Research output: Contribution to journalArticle

49 Scopus citations

Abstract

A large Filipino-American family with progressive matrilineal hearing loss, premature graying, depigmented patches, and digital anomalies was ascertained through a survey of a spina bifida clinic for neural crest disorders. Deafness followed a matrilineal pattern of inheritance and was associated with the A1555G mutation in the 12S rRNA gene (MTRNR1) in affected individuals as well as unaffected maternal relatives. Several other malformations were found in carriers of the mutation.

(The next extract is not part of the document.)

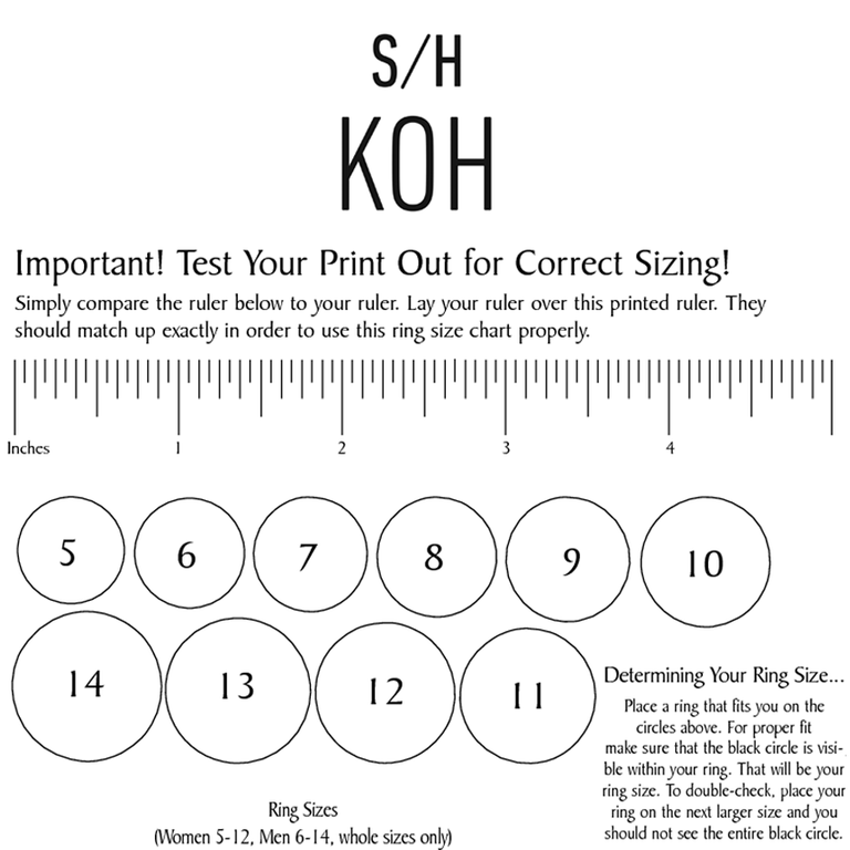 First, click on the image below, download, and print. Simply compare the ruler below to your ruler to match up exactly in order to use this ring size chart properly. Place your ring on the circles below. For the half sizes, please determine if your ring falls between two of the circles.

The proband had a myelocystocele, Arnold-Chiari type I malformation, cloacal exstrophy, and severe early-onset hearing loss. Several family members had premature graying, white forelock, congenital leukoderma with or without telecanthus, somewhat suggestive of a Waardenburg syndrome variant. In addition to the patient with myelocystocele, two individuals had scoliosis and one had segmentation defects of spinal vertebrae. The syndromic characteristics reported here are novel for the mitochondrial A1555G substitution, and may result from dysfunction of mitochondrial genes during early development. However, the mitochondrial A1555G mutation is only rarely associated with neural tube defects as it was not found in a screen of 218 additional individuals with spina bifida, four of whom had congenital hearing loss. (C) 2000 Wiley-Liss, Inc.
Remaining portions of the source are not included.